▶ _COLLECTED MATERIAL_:
——————
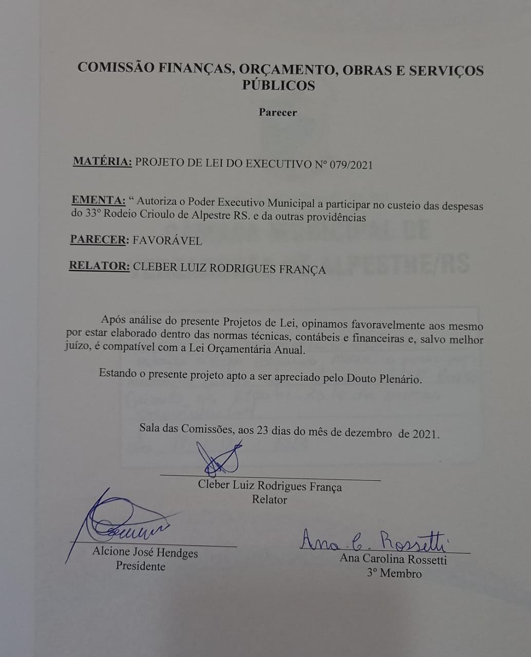 PARECER DA COMISSÃO DE ESTUDO DA CÂMARA DE VEREADORES EXERCÍCIO/2021- 23/12/21
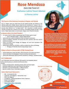 Rose Mendoza is the founder & curator of Dulce Vida Travel LLC. The company offers specialized unique Mexican heritage travel tours & travel services for individuals, groups, friends and organizations.
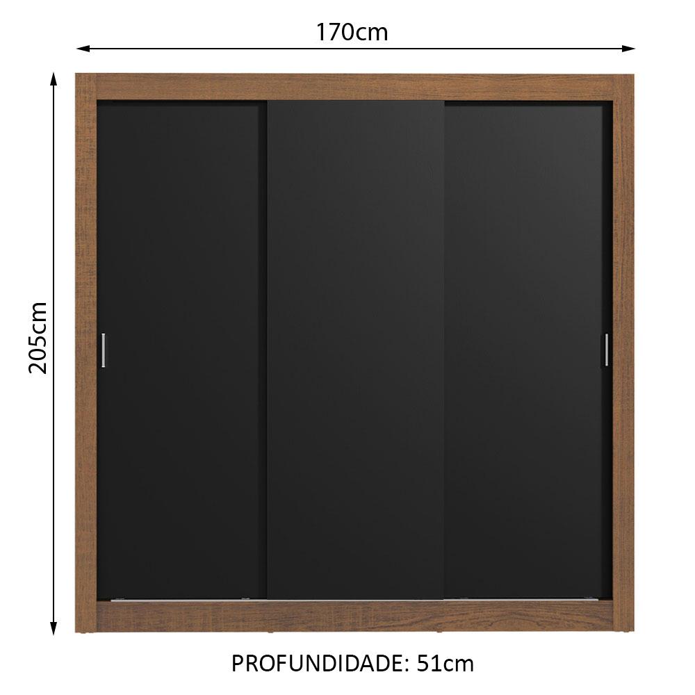 O Guarda-Roupa Lyon da Madesa conta com ferragens de qualidade, portas de correr com trilho superior e inferior em alumínio e sistema de deslizamento suave garantindo melhor funcionamento. Uma das portas possui espelhos que são bastante práticos e trazem profundidade ao ambiente.O aproveitamento interno é ideal para um casal. São duas gavetas com corrediça metálica, além de vários nichos que facilitam a organização de roupas, calçados e acessórios. O tubo cabideiro é metálico, muito resistente e possui espaço para roupas longas.O acabamento da estrutura combina os tons branco e preto e as portas são no padrão amadeirado Rustic. O processo é feito com a Pintura Poliéster de 7 camadas exclusiva da Madesa, um método ecológico e que confere maior durabilidade ao produto.Medidas totais: 205 cm de altura x 170 cm de largura x 51 cm de profundidade.As imagens são meramente ilustrativas.Itens inclusos:- Três (3) prateleiras totalizando cinco (5) nichos- Um (1) cabideiro grande- Duas (2) gavetas internas- Três (3) portas de correr com puxadores em alumínioCódigo do produto: 1093D81E2GObs.: A Madesa não disponibiliza serviço de montagem. O produto segue com as ferragens e manual com todos os passos para a instalação.1 – O produto é novo ou usado?R.: Todos os produtos da Madesa são novos, enviados da nossa fábrica diretamente para as casas de nossos clientes.2 – O produto vem montado? Se não, vocês realizam a montagem?R.: A Madesa não disponibiliza serviço de montagem. Todos os produtos seguem com manual de instalação e as ferragens necessárias. Alguns produtos possuem vídeo explicando o passo a passo da montagem.3 – Vocês possuem loja física? Posso retirar meu produto em mãos?R.: Não possuímos loja física, apenas loja virtual. Confira as opções de envio ao colocar o seu CEP.4 – Qual é o valor do envio? Posso pagar separadamente?R.: O valor do envio é calculado com base no peso e volume do produto, e no CEP de destino. Você pode calcular o valor e prazo de entrega no simulador.5 – A Madesa entrega em todo Brasil? Como é feita a entrega?R.: Sim, entregamos no Brasil inteiro através de transportadoras parceiras.6 – O produto acompanha Nota Fiscal?R.: Sim, todos os produtos são entregues com suas respectivas notas fiscais.7 – Os produtos possuem garantia?R.: Sim. A Madesa oferece 3 meses de garantia para defeitos de fabricação.A Madesa se dedica à sustentabilidade com várias iniciativas: temos uma usina própria para gerar energia que abastece uma de nossas fábricas. Selecionamos nossos fornecedores, priorizando aqueles que possuem um compromisso com a sustentabilidade e proteção do meio ambiente. Todo o plástico utilizado no setor produtivo é proveniente de reciclagem e as suas sobras são encaminhadas ao fornecedor que os recicla. Também investimos no desenvolvimento contínuo de nossos colaboradores e em ações educacionais que beneficiem a comunidade.
——————
▶ _WORK REQUIRED_:
Go through the listing above and retype it exactly, skipping every picture.

▶ _EXERCISE ANSWER_:
 PARECER DA COMISSÃO DE ESTUDO DA CÂMARA DE VEREADORES EXERCÍCIO/2021- 23/12/21
 Rose Mendoza is the founder & curator of Dulce Vida Travel LLC. The company offers specialized unique Mexican heritage travel tours & travel services for individuals, groups, friends and organizations.
 O Guarda-Roupa Lyon da Madesa conta com ferragens de qualidade, portas de correr com trilho superior e inferior em alumínio e sistema de deslizamento suave garantindo melhor funcionamento. Uma das portas possui espelhos que são bastante práticos e trazem profundidade ao ambiente.O aproveitamento interno é ideal para um casal. São duas gavetas com corrediça metálica, além de vários nichos que facilitam a organização de roupas, calçados e acessórios. O tubo cabideiro é metálico, muito resistente e possui espaço para roupas longas.O acabamento da estrutura combina os tons branco e preto e as portas são no padrão amadeirado Rustic. O processo é feito com a Pintura Poliéster de 7 camadas exclusiva da Madesa, um método ecológico e que confere maior durabilidade ao produto.Medidas totais: 205 cm de altura x 170 cm de largura x 51 cm de profundidade.As imagens são meramente ilustrativas.Itens inclusos:- Três (3) prateleiras totalizando cinco (5) nichos- Um (1) cabideiro grande- Duas (2) gavetas internas- Três (3) portas de correr com puxadores em alumínioCódigo do produto: 1093D81E2GObs.: A Madesa não disponibiliza serviço de montagem. O produto segue com as ferragens e manual com todos os passos para a instalação.1 – O produto é novo ou usado?R.: Todos os produtos da Madesa são novos, enviados da nossa fábrica diretamente para as casas de nossos clientes.2 – O produto vem montado? Se não, vocês realizam a montagem?R.: A Madesa não disponibiliza serviço de montagem. Todos os produtos seguem com manual de instalação e as ferragens necessárias. Alguns produtos possuem vídeo explicando o passo a passo da montagem.3 – Vocês possuem loja física? Posso retirar meu produto em mãos?R.: Não possuímos loja física, apenas loja virtual. Confira as opções de envio ao colocar o seu CEP.4 – Qual é o valor do envio? Posso pagar separadamente?R.: O valor do envio é calculado com base no peso e volume do produto, e no CEP de destino. Você pode calcular o valor e prazo de entrega no simulador.5 – A Madesa entrega em todo Brasil? Como é feita a entrega?R.: Sim, entregamos no Brasil inteiro através de transportadoras parceiras.6 – O produto acompanha Nota Fiscal?R.: Sim, todos os produtos são entregues com suas respectivas notas fiscais.7 – Os produtos possuem garantia?R.: Sim. A Madesa oferece 3 meses de garantia para defeitos de fabricação.A Madesa se dedica à sustentabilidade com várias iniciativas: temos uma usina própria para gerar energia que abastece uma de nossas fábricas. Selecionamos nossos fornecedores, priorizando aqueles que possuem um compromisso com a sustentabilidade e proteção do meio ambiente. Todo o plástico utilizado no setor produtivo é proveniente de reciclagem e as suas sobras são encaminhadas ao fornecedor que os recicla. Também investimos no desenvolvimento contínuo de nossos colaboradores e em ações educacionais que beneficiem a comunidade.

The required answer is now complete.